C’est avec un ravissement étonné que nous découvrons l’étrange et merveilleuse peinture dramatico-filmique que Marco Bellocchio a réalisée en 1996/1997 – bien avant les fameux Buongiorno, notte (2001), Vincere (2009), La Belle endormie (2012) -, qui avait été présentée au Festival de Cannes cette année-là, mais qui, ô absurdité, n’avait jamais encore été distribuée en France.
Entre 1808 et 1810, Heinrich Von Kleist écrit Le Prince de Hombourg, sa dernière oeuvre pour le théâtre. Quelques mois après, en novembre 1811, il se suicide avec son amante et égérie Henriette Vogel. La pièce ne sera publiée et ne commencera à être jouée sur scène qu’en 1821.
Kleist s’est inspiré des mémoires de Frédéric II (1712-1786), Roi de Prusse de 1740 à sa mort. Il est question dans le récit de Frédéric Ier (1620-1688), Électeur de Brandebourg (1) et duc de Prusse de 1640 à sa mort. Le contexte du drame est la Guerre de Scanie qui opposa la Suède – alliée à la France – et l’Électorat de Brandebourg – allié au Danemark et aux Pays-Bas – entre 1675 et 1679, et notamment la bataille de Fehrbellin (28 juin 1675) (2).
Le Prince de Hombourg – prénommé Frédéric Arthur – est l’un des officiers de l’Électeur Frédéric Guillaume chargés de mener la bataille de Fehrbellin. Grâce à lui, les Brandebourgeois défont les Suédois, mais c’est suite à sa désobéissance aux ordres donnés par le chef de guerre. Celui-ci décide à la fois de fêter la victoire et de punir sévèrement son subalterne en raison de son insubordination. Refusant d’abord la sentence de mort qu’il considère comme une injuste absurdité et qui le terrifie, le Prince finit par demander qu’on l’applique quand la grâce pourrait lui être accordée, et ce par respect pour la Loi et la discipline militaire. Tout semblera cependant être bien qui finira bien : il pourra s’unir à l’objet de sa passion, Natalia, la nièce de l’Électeur.
Le récit kleistien baigne dans une atmosphère onirique, et Bellocchio la restitue avec force cinématographique, l’approfondit, même. L’histoire est comme rêvée, ou quelque chose dans l’histoire semble rêvé, et, par mise en abîme, il peut être question de rêve dans un rêve – comme de cœur dans le coeur. Difficile de percevoir la frontière entre, d’une part, l’éveil et la réalité concrète dans laquelle les personnages sont actifs et conscients, et, d’autre part, la vision intérieure d’un individu plongé dans le sommeil, dans un état hypnagogique, ou victime d’hallucinations ; d’un individu qui imagine, fantasme la réalité telle qu’elle se passe, telle qu’elle semble s’annoncer ; qui vit une passion quasi impossible.

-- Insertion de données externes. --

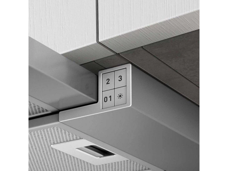 Vezérlése mechanikus (3 fokozatú billenőkapcsoló), illetve külön található világítás kapcsoló, amely az energiatakarékos LED világítást kapcsolja. A motor és a világítás csak akkor működik ha az előlapot kihúzza. A főzés befejezése után javasolt az elszívót kikapcsolni.

Le protagoniste de chair et d’os est enfermé en son monde intérieur, il est hors de la réalité, comme aveugle. Il est littéralement dans la lune. Ce guerrier amoureux est emporté par son enthousiasme fougueux, embrumé par ses impérieux souhaits. Il rêve de conquête, de gloire militaire et amoureuse. Il se voit en héros couronné comme – un – Apollon.
Le Prince de Hombourg obéit au « principe de plaisir » plutôt qu’à celui « de réalité ». Il subit clairement cette fameuse « spaltung », cette « refente » intrapsychique à laquelle s’est intéressée la psychanalyse.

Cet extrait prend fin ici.